2007-11-26 05:05:19 · 2 answers · asked by referencearea 2 in Science & Mathematics Mathematics

2 answers

sqrt[(6-x)/(x-4)] = x

(6-x)/(x-4) = x^2
6-x = x^3 - 4x^2
x^3 - 4x^2 +x - 6 =0

2007-11-26 06:25:55 · answer #1 · answered by stevemorris1 5 · 0 0

I am interpreting this as

Log[√(6-x)] - Log[√(x-4)] = Log x

Note that, in order for these to be real-valued, we must have 6 - x ≥ 0 and x - 4 ≥ 0, and furthermore we cannot have x = 4. So any real-valued solution must satisfy 4 < x ≤ 6.

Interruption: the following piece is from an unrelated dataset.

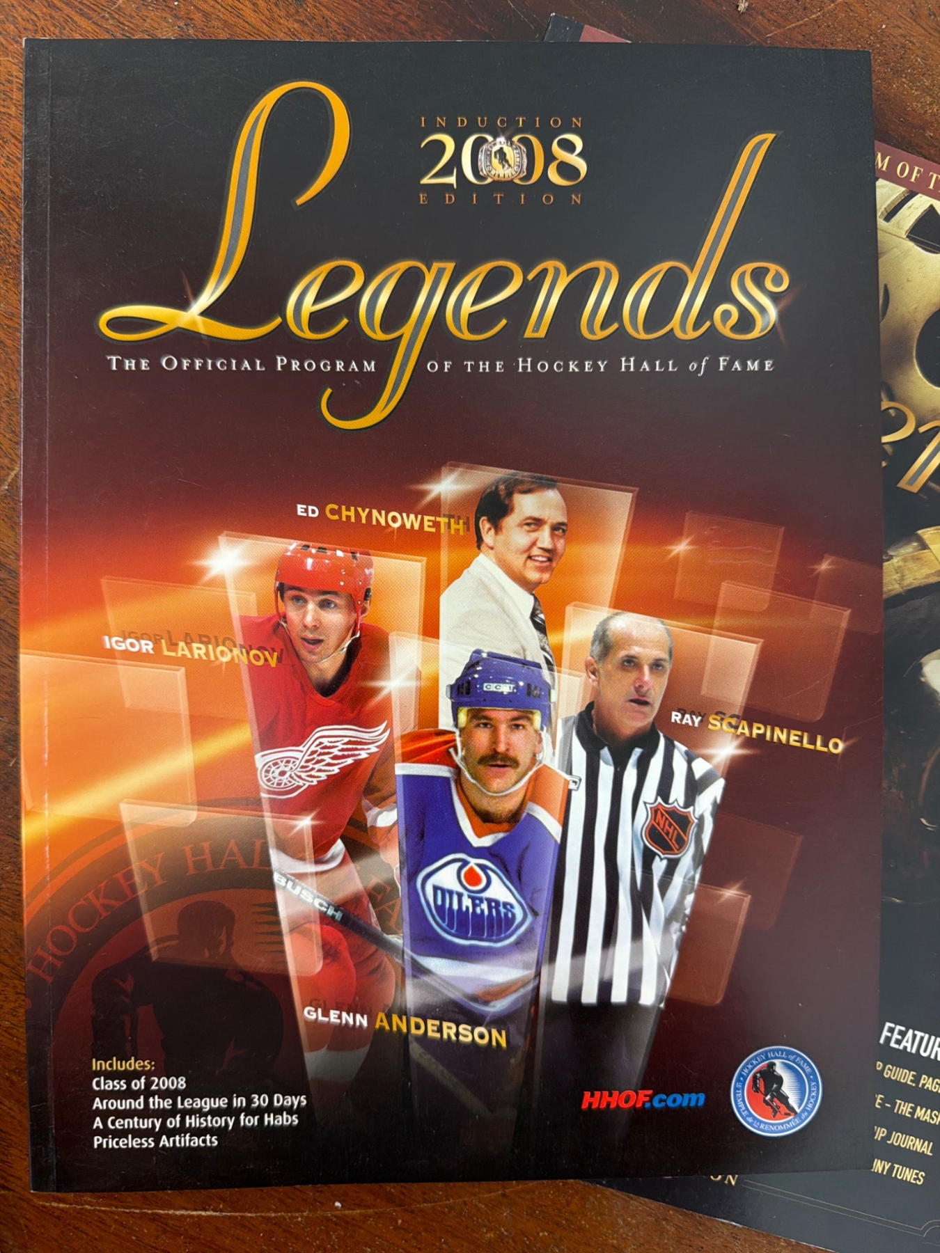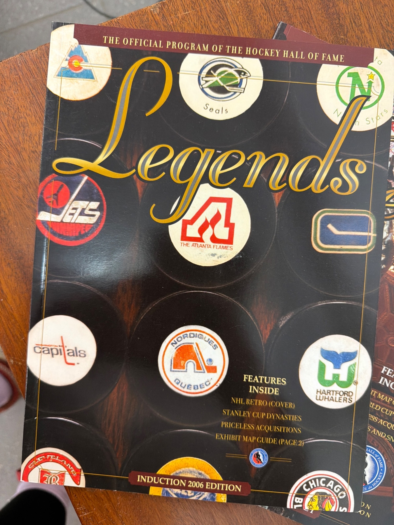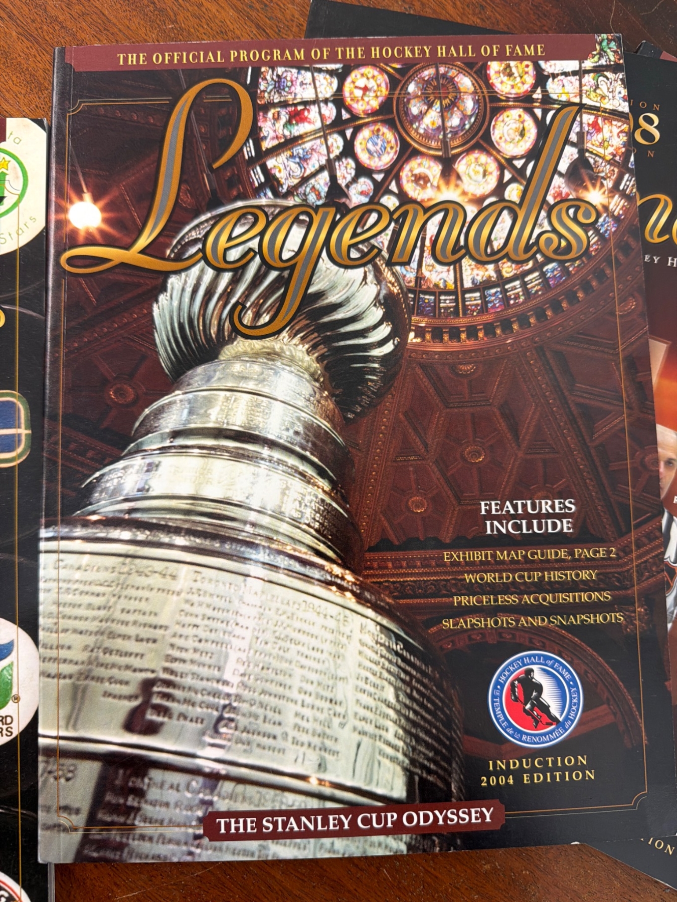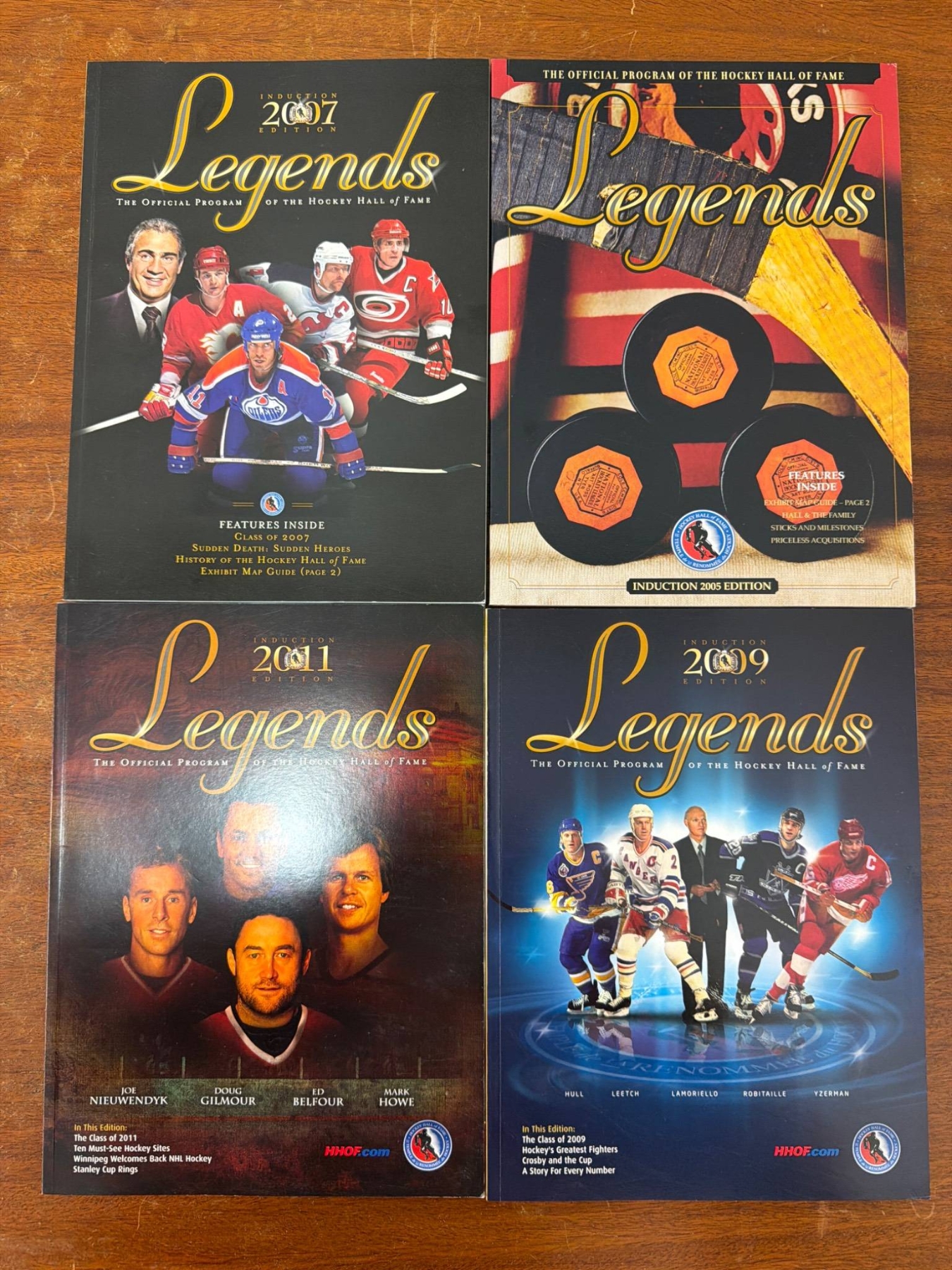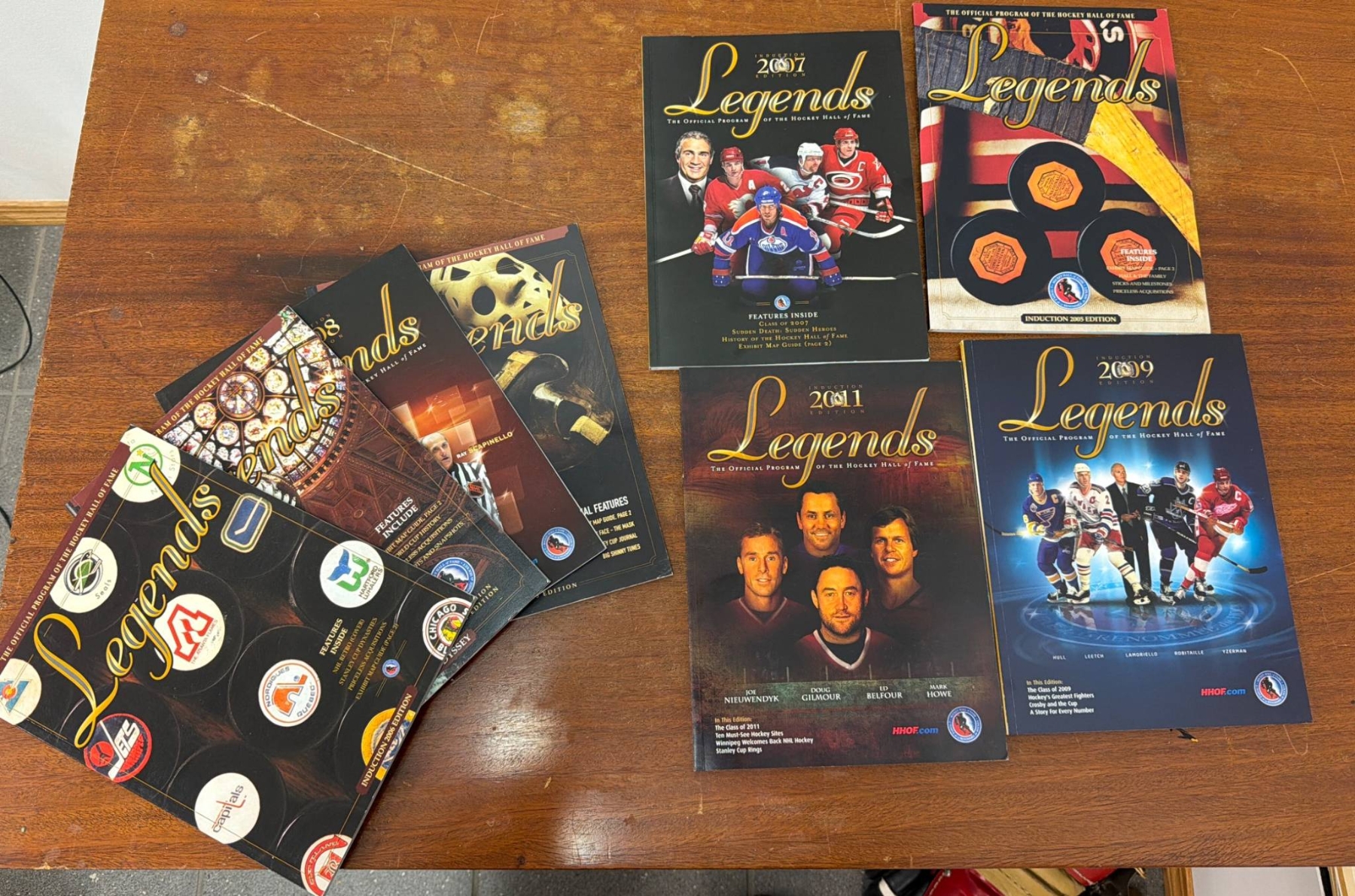 Official programs titled 'Legends,' issued by the Hockey Hall of Fame. Includes seven editions spanning from 2003 to 2009, each highlighting Hall of Fame inductions, exhibits, Stanley Cup features, and player profiles. Programs are in used condition, with minor wear consistent with age and handling. A valuable piece of hockey memorabilia for collectors.

Use the fact that Log A - Log B = Log (A/B) to combine the terms on the left side:

Log[√(6-x)/√(x-4)] = Log x

Exponentiate both sides, using as base whatever value the base of the logarithms is (10, e, etc.):

√(6-x)/√(x-4) = x

Square both sides, realizing that this can introduce spurious solutions:

(6 - x)/(x - 4) = x²

Multiply both sides by (x - 4) and multiply out the right side:

6 - x = x³ - 4x²

0 = x³ - 4x² + x - 6

This cubic has a single real root at x ≈ 4.11169; note that this value does lie in the required interval 4 < x ≤ 6. More importantly, it satisfies (to within roundoff error) the original equation, so the squaring done during the solution process did not introduce a spurious result.